Management and workers at Europe's largest auto producer, Volkswagen, began a third round of talks on Thursday over proposed wage cuts, with time running out to avoid strikes at production facilities across Germany.

The company wants some workers to take a 10-percent reduction in pay, saying it is necessary because of falling product demand in Europe, and increased competition from China.

On Wednesday, unions suggested giving up bonuses for two years and, with some factories having separate pay agreements, wage rises going straight into a solidarity fund to support less productive areas of the company while they submit to a temporary reduction in working hours.

Union representatives said this would save 1.5 billion euros ($1.6 billion) and eliminate the need for redundancies.

IG Metall union negotiator Thorsten Groeger said his organization had "made a big step" and needed management to do the same for there to be progress.

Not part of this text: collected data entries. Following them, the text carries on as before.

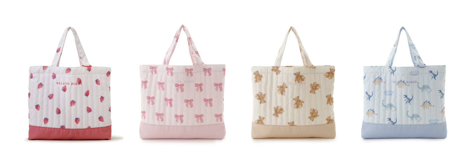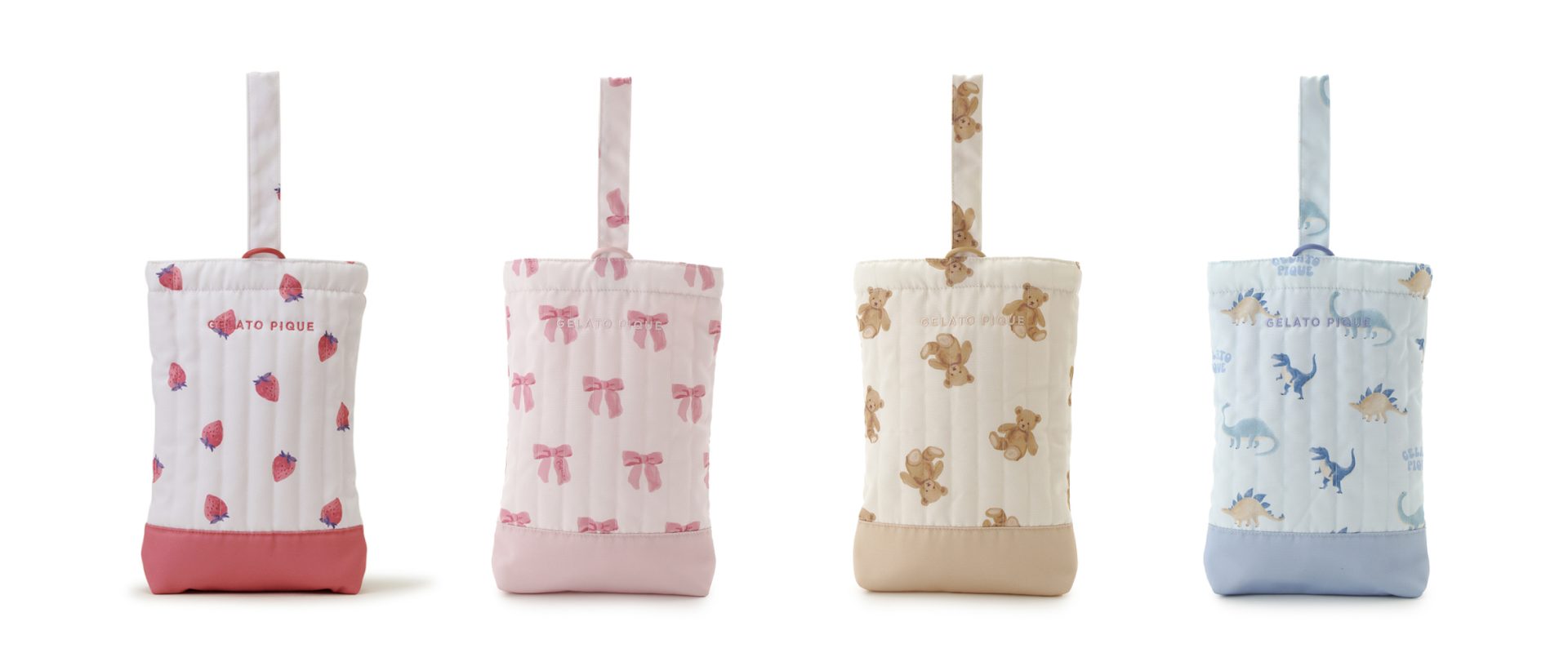 今回リリースされる新作グッズは、ストロベリー、リボン、ダイナソー、ベアの4つのモチーフでデザインされており、入園・入学や新学年のスタートにぴったりなアイテムがラインナップしています。バッグ類の生地は使いやすさを考慮して、撥水加工を施しているので安心です。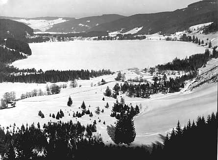 Blick von Süden, im Hintergrund der Ort Badische Dreiseenbahn Freiburg - Seebruck |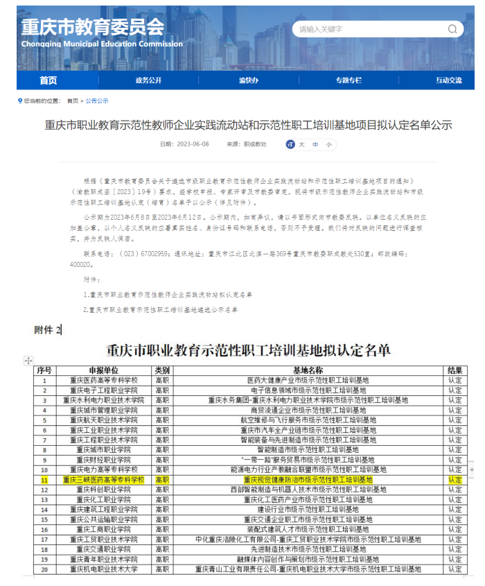 2023年8月,我校眼视光专业“重庆视觉健康防治示范性职工培训基地”成功认定重庆市职业教育示范性职工培训基地。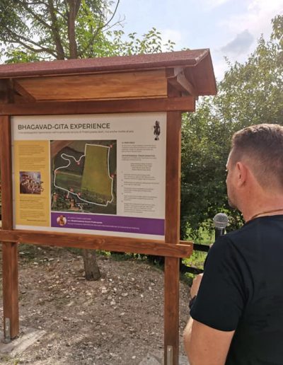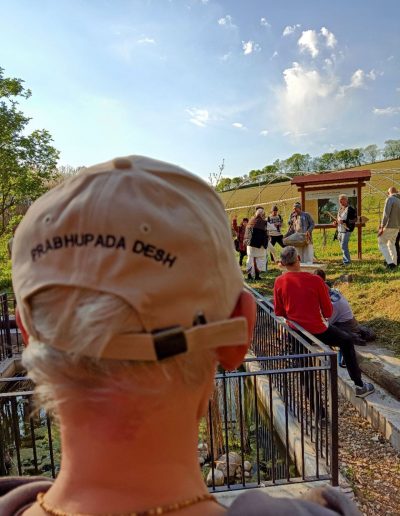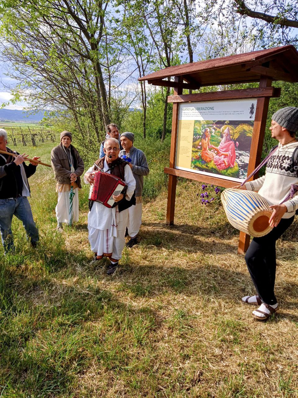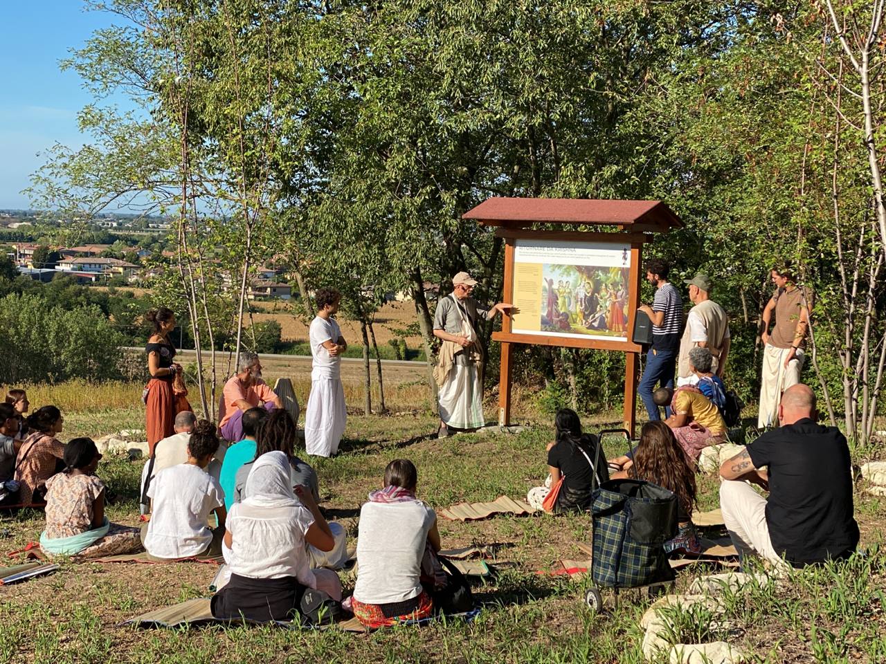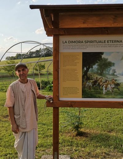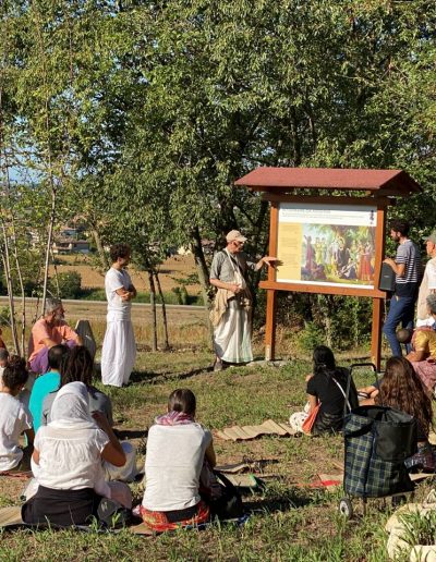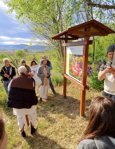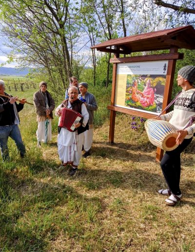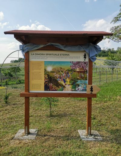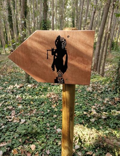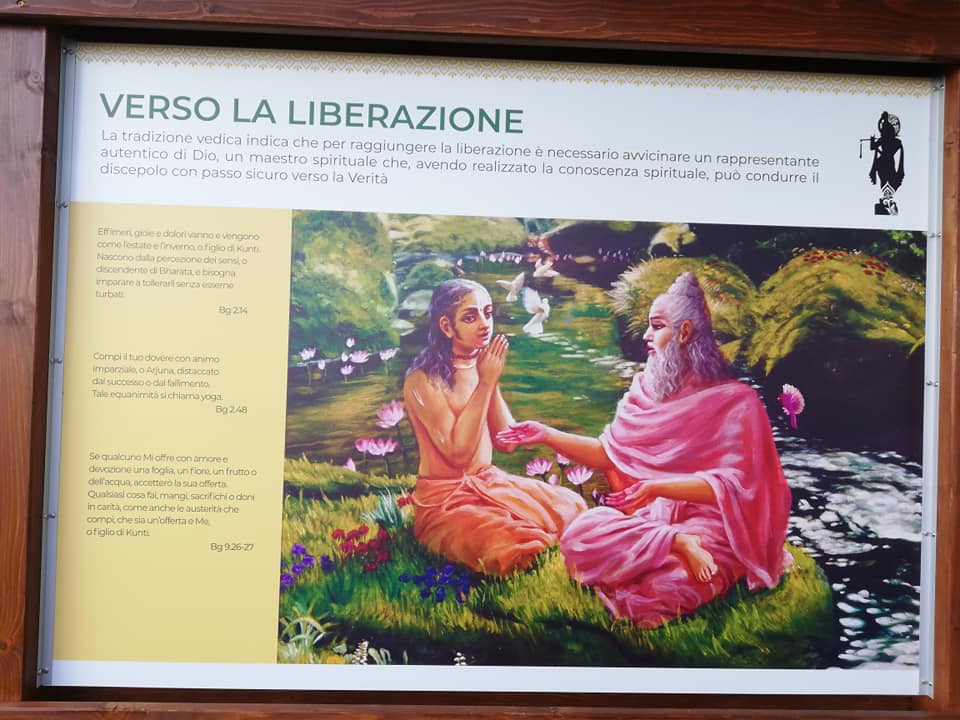 È una passeggiata meditativa alla ricerca della Verità nell’incantevole tenuta di Prabhupada desh, un sentiero ad anello da percorrere in senso orario, dove meditare sulle parole di Krishna in cinque stazioni numerate lungo il percorso arricchite da ispiranti dipinti.
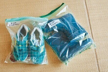 (2)子どもの服や靴はサイズをラベリングしておくと管理しやすい。サイズアウトしやすい子どもの靴は、1足ずつラベリング。状態がよいものは弟へお下がりにまわすので、どのサイズがあるかわかりやすく管理。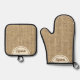 Personalised Rustic Simulated Burlap Oven Mitt & Pot Holder Set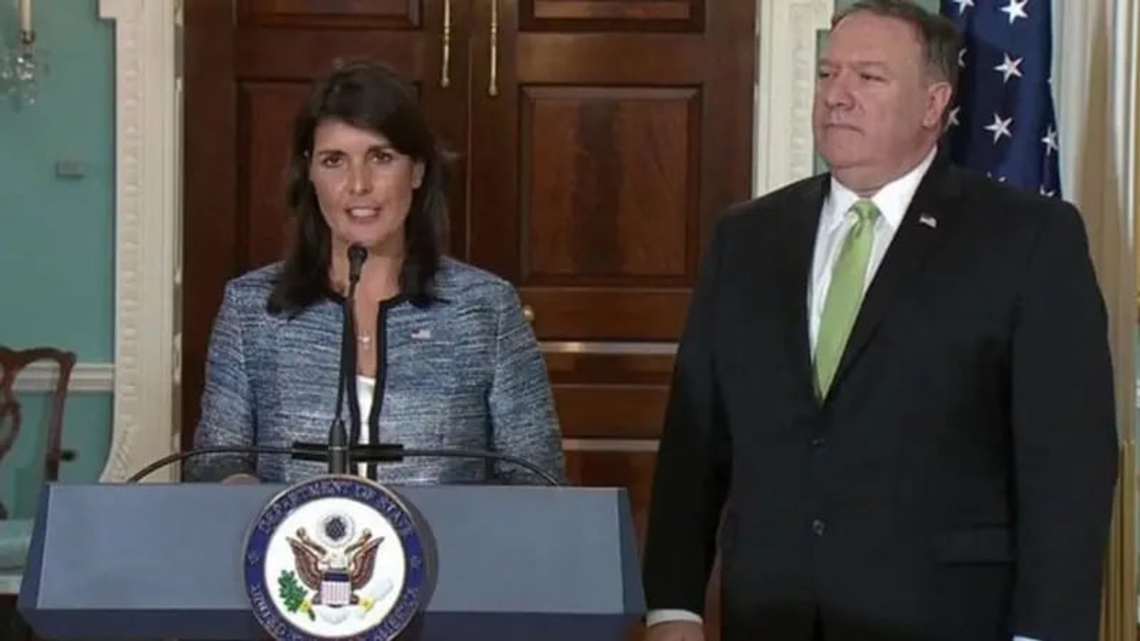 پمپئو و هیلی، در کنفرانسی خبری، ۳۰ خرداد ۱۳۹۷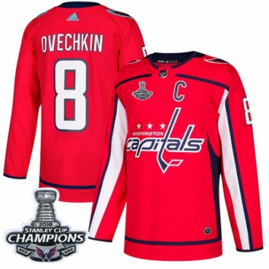 Men's Adidas Washington Capitals #8 Alex Ovechkin Premier Red Home 2018 Stanley Cup Final Champions NHL Jersey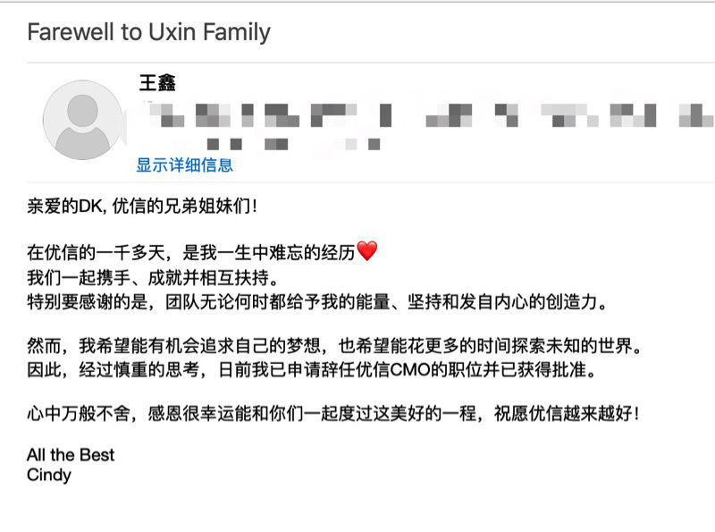 据一封曝光的内部邮件显示,王鑫称:“非常感谢戴琨和优信兄弟姐妹们三年来对我的信任与支持。优信把行业引领到了一个全新的高度,创造了那么多的第一,是我职业生涯中的骄傲。”

"We have opened a corridor for today's negotiations... now it is Volkswagen's board's turn," he said. "We expect them to take this same constructive approach with us."

Daniela Cavallo, chairwoman of the workers' council at the company, said it was an alternative option to job cuts, which she said would "prevent the future instead of creating it", adding that executives should also give up their bonuses.

If worker demands are not met, industrial action will begin at sites across the country from Dec 1, which would be the first strike at the company since 2018.

Volkswagen saw its net profits slump by nearly 64 percent in the third quarter, compared to the same period 12 months earlier.

An auto industry sector analysis published by consultancy PwC in October showed a continuing market drift in favor of electric vehicles, which is forecast to continue in the coming years, and figures contained in it showed that this is a market where Volkswagen is struggling to compete.

Founded as a state-owned carmaker in 1937, Volkswagen was only partly privatized and the state of Lower Saxony, in the north of Germany, still retains a major holding in the company and has a seat on its supervisory board, giving its economic health a political aspect, as well as a commercial one.

The troubles at one of Germany's biggest and most internationally-recognized brand names come at the same time as the country's political system is struggling.

Germany's coalition government recently broke up, and Chancellor Olaf Scholz, who was born in Lower Saxony, faces the prospect of a vote of confidence in the country's parliament on Dec 16, which is expected to pave the way for an early parliamentary election in February.